- TASK DETAILS
What needs reproducing is the run of lines in the data below starting at the line with "With a minimal, laidback" and ending at the line with "手芸用の紙バンドを使って作る", both ends included. Copy it exactly, without pictures, and add nothing.

- SOURCE DATA
# # # # #

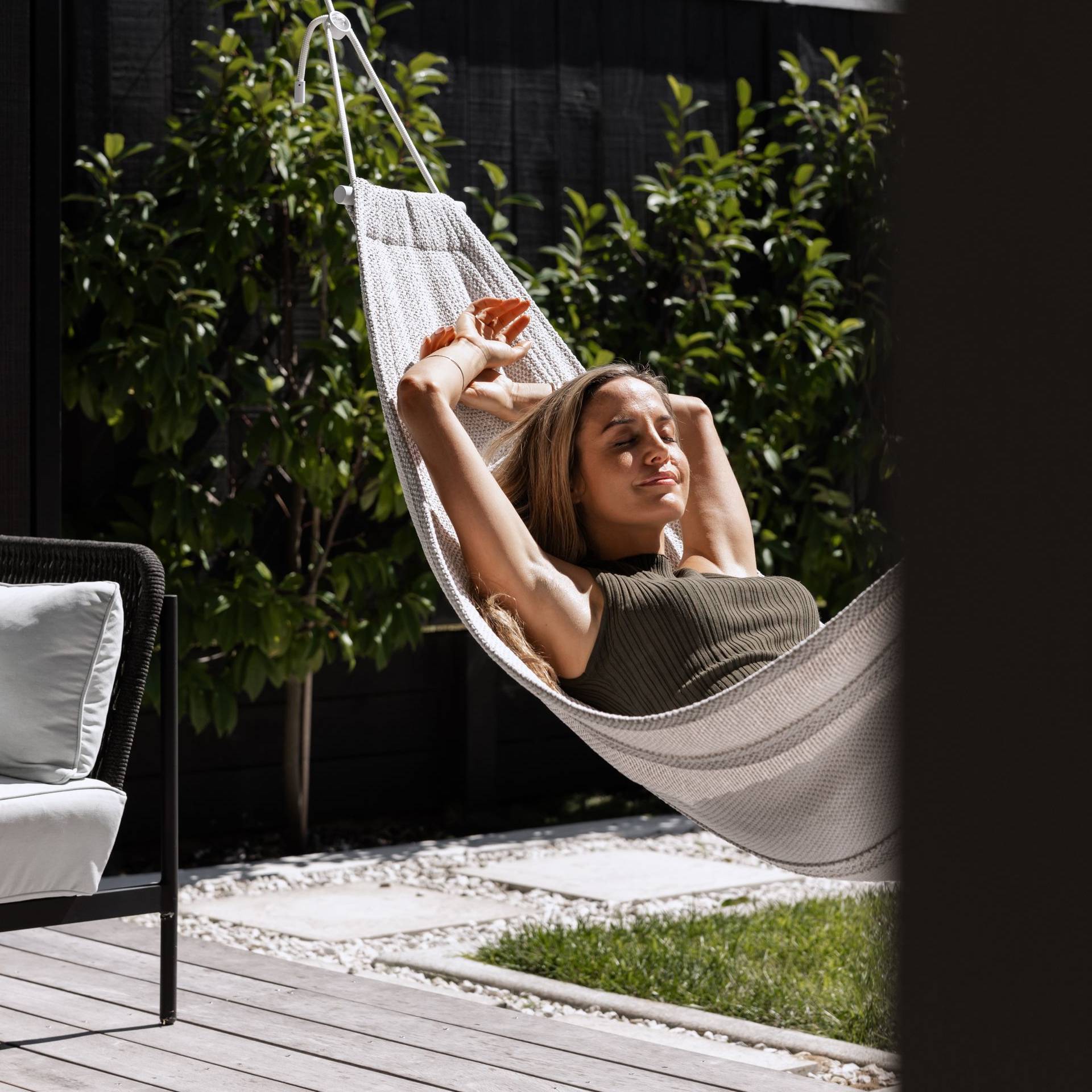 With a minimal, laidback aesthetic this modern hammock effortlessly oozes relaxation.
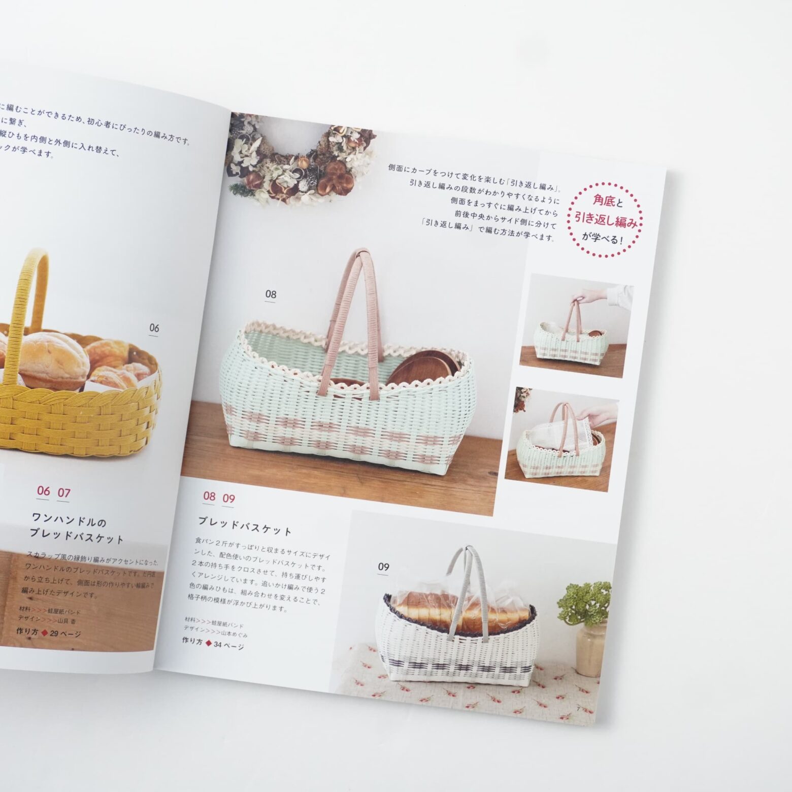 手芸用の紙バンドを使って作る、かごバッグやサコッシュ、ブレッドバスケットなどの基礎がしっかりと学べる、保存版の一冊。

# # # # #

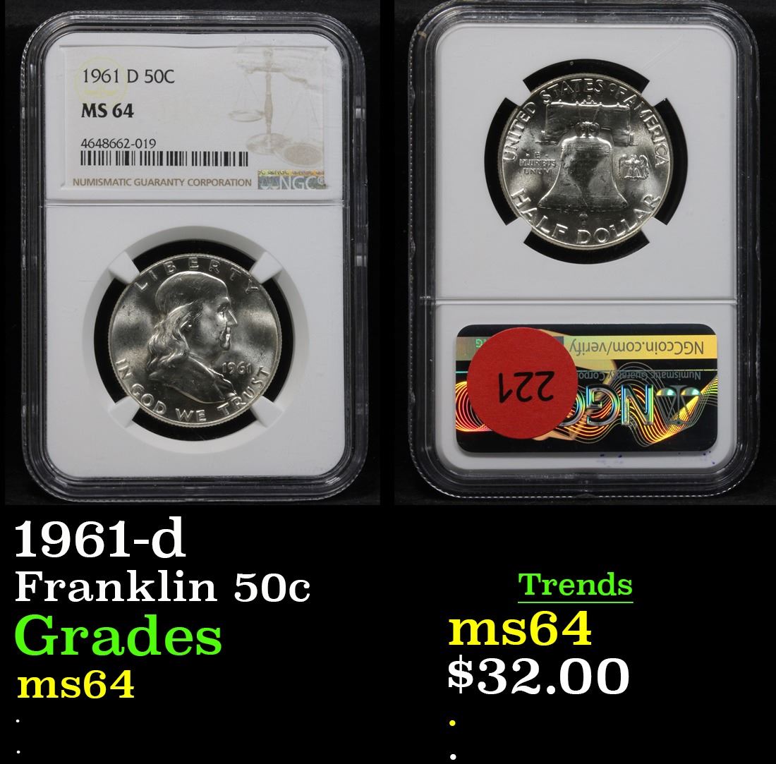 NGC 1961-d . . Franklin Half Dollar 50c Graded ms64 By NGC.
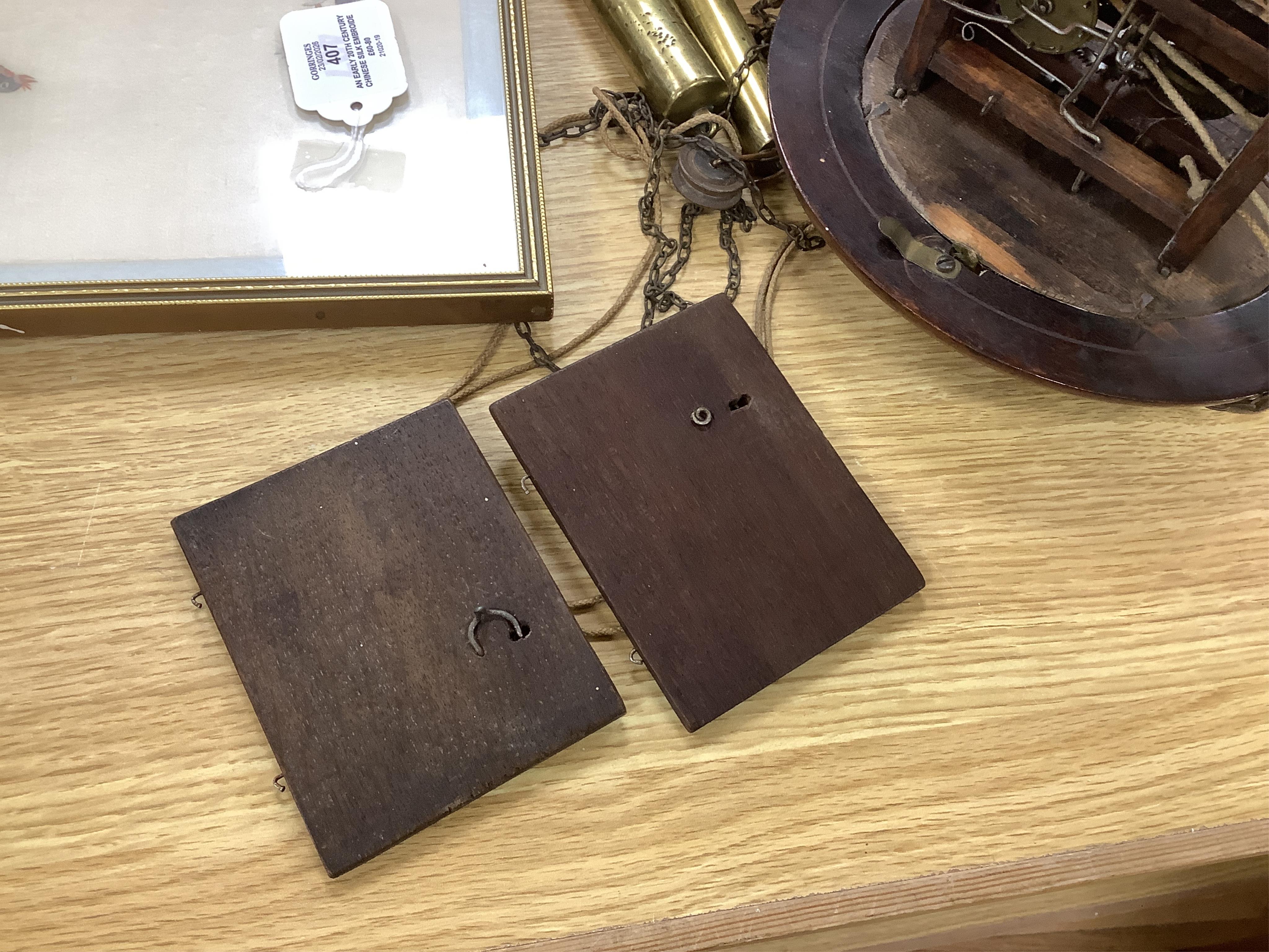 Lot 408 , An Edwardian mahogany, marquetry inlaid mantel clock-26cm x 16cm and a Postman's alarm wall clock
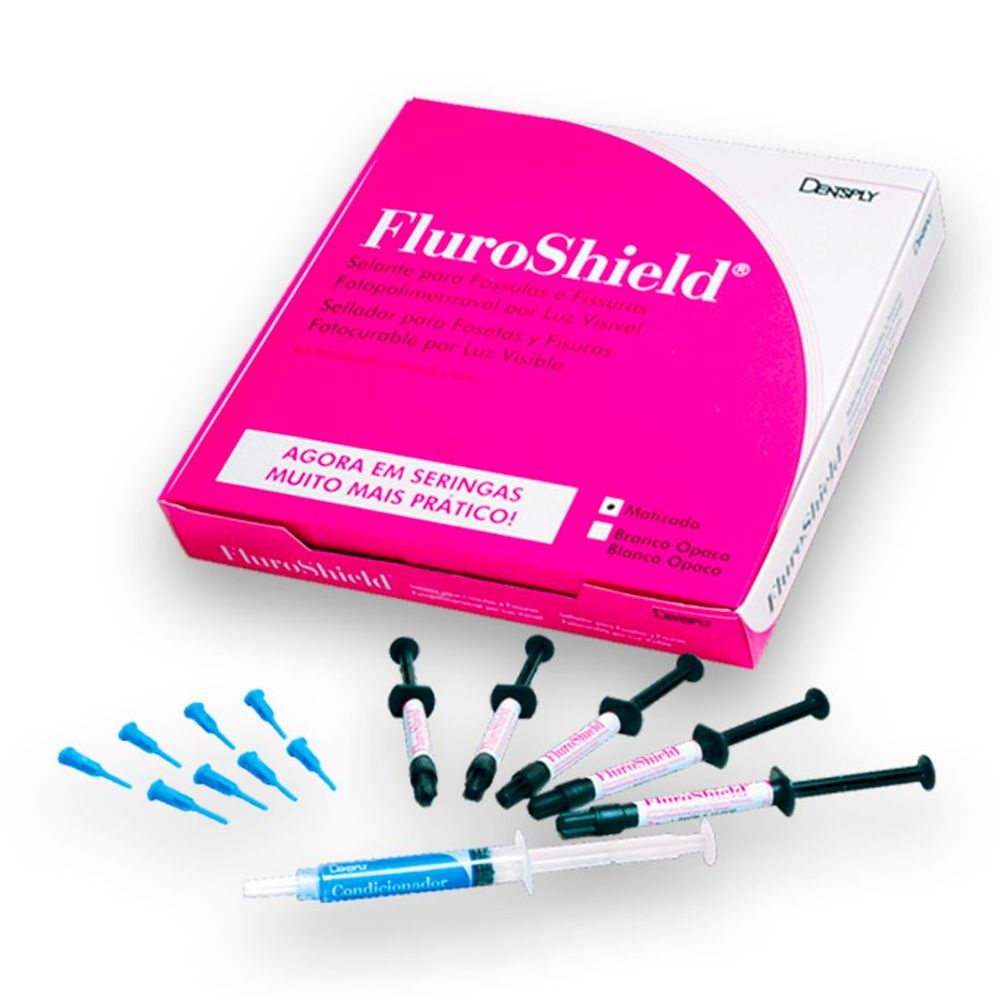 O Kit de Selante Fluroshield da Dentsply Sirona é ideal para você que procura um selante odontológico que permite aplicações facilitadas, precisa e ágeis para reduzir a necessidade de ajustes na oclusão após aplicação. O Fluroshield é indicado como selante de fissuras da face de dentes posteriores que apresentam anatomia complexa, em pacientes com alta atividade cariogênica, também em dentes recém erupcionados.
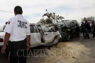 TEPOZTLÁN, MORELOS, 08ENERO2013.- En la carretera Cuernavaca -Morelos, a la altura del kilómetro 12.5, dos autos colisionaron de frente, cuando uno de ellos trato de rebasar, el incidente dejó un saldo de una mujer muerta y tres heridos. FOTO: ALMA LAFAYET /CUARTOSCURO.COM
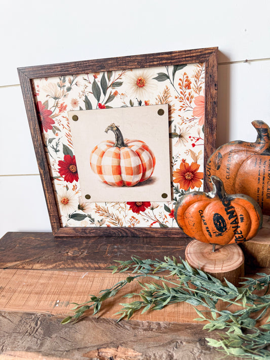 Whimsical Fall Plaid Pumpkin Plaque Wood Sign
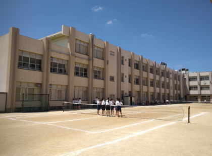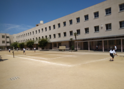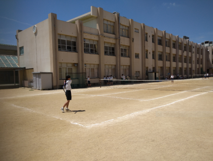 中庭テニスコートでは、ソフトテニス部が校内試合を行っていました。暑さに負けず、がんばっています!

# # # # #

- ANSWER FOR THE TASK
 With a minimal, laidback aesthetic this modern hammock effortlessly oozes relaxation.
 手芸用の紙バンドを使って作る、かごバッグやサコッシュ、ブレッドバスケットなどの基礎がしっかりと学べる、保存版の一冊。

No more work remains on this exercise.